--- DATA SECTION ---

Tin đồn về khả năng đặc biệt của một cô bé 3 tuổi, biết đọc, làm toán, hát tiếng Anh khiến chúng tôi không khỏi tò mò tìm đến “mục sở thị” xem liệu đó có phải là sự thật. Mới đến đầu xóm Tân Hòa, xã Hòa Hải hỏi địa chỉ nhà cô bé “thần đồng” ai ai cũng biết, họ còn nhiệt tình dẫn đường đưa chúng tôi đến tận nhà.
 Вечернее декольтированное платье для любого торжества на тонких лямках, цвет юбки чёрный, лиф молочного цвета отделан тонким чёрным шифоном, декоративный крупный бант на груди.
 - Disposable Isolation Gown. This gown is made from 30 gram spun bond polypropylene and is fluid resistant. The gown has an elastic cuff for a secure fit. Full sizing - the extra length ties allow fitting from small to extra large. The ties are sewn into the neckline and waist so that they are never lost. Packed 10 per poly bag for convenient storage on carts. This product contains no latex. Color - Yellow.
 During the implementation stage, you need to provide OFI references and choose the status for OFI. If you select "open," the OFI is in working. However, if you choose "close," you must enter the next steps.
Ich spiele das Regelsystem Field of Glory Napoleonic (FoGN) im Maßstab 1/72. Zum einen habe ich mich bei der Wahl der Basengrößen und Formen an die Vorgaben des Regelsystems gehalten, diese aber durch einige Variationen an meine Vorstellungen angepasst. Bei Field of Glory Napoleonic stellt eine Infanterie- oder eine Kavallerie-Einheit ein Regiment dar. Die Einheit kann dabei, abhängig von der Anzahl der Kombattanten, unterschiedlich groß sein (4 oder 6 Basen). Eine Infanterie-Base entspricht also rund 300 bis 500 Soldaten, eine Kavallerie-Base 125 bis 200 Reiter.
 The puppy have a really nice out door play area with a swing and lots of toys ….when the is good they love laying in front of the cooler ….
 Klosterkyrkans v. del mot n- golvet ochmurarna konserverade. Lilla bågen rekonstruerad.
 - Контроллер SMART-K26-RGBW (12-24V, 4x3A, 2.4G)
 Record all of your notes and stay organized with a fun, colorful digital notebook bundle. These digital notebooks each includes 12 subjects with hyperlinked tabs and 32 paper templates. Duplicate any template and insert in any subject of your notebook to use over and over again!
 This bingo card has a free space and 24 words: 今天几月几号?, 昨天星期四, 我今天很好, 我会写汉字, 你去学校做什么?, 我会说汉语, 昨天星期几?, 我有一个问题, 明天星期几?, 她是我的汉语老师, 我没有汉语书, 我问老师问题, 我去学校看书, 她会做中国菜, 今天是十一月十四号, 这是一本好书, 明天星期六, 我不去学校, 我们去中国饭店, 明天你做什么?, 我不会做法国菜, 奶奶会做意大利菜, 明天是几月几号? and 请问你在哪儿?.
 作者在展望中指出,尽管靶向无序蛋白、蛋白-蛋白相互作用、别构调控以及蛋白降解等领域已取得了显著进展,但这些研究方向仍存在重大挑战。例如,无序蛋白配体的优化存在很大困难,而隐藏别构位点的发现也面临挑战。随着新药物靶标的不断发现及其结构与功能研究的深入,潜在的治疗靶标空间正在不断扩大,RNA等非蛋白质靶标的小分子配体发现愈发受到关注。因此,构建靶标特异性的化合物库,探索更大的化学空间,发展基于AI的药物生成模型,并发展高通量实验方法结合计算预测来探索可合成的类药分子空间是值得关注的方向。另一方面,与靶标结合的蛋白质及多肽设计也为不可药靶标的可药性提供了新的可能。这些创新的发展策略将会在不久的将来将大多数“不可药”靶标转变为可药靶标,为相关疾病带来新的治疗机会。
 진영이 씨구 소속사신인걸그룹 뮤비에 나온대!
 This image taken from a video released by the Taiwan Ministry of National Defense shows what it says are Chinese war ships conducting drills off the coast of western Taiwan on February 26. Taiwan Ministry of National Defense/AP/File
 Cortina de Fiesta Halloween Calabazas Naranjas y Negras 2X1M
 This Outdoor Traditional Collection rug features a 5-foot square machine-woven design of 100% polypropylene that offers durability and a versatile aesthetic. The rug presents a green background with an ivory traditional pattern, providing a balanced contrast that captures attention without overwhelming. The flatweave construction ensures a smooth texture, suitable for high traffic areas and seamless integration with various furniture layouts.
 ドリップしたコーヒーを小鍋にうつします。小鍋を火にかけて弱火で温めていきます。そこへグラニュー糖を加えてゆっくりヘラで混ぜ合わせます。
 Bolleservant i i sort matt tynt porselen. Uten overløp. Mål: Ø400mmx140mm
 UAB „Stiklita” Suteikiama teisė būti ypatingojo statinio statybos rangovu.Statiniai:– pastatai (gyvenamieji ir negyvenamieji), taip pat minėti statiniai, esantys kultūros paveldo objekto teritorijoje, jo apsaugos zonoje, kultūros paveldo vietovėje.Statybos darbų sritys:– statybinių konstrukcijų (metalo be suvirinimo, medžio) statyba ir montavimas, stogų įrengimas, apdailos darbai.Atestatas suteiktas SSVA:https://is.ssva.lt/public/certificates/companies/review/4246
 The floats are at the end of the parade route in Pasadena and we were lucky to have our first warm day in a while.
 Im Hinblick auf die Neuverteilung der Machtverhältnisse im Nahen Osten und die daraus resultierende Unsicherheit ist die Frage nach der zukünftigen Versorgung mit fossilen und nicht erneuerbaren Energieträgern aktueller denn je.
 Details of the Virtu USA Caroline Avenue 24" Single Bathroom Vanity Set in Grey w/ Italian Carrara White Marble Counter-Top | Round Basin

---

Retype the portion of the data above that starts on the line with "- Контроллер SMART-K26-RGBW" and finishes on the line with "Cortina de Fiesta", including both of those lines.

 - Контроллер SMART-K26-RGBW (12-24V, 4x3A, 2.4G)
 Record all of your notes and stay organized with a fun, colorful digital notebook bundle. These digital notebooks each includes 12 subjects with hyperlinked tabs and 32 paper templates. Duplicate any template and insert in any subject of your notebook to use over and over again!
 This bingo card has a free space and 24 words: 今天几月几号?, 昨天星期四, 我今天很好, 我会写汉字, 你去学校做什么?, 我会说汉语, 昨天星期几?, 我有一个问题, 明天星期几?, 她是我的汉语老师, 我没有汉语书, 我问老师问题, 我去学校看书, 她会做中国菜, 今天是十一月十四号, 这是一本好书, 明天星期六, 我不去学校, 我们去中国饭店, 明天你做什么?, 我不会做法国菜, 奶奶会做意大利菜, 明天是几月几号? and 请问你在哪儿?.
 作者在展望中指出,尽管靶向无序蛋白、蛋白-蛋白相互作用、别构调控以及蛋白降解等领域已取得了显著进展,但这些研究方向仍存在重大挑战。例如,无序蛋白配体的优化存在很大困难,而隐藏别构位点的发现也面临挑战。随着新药物靶标的不断发现及其结构与功能研究的深入,潜在的治疗靶标空间正在不断扩大,RNA等非蛋白质靶标的小分子配体发现愈发受到关注。因此,构建靶标特异性的化合物库,探索更大的化学空间,发展基于AI的药物生成模型,并发展高通量实验方法结合计算预测来探索可合成的类药分子空间是值得关注的方向。另一方面,与靶标结合的蛋白质及多肽设计也为不可药靶标的可药性提供了新的可能。这些创新的发展策略将会在不久的将来将大多数“不可药”靶标转变为可药靶标,为相关疾病带来新的治疗机会。
 진영이 씨구 소속사신인걸그룹 뮤비에 나온대!
 This image taken from a video released by the Taiwan Ministry of National Defense shows what it says are Chinese war ships conducting drills off the coast of western Taiwan on February 26. Taiwan Ministry of National Defense/AP/File
 Cortina de Fiesta Halloween Calabazas Naranjas y Negras 2X1M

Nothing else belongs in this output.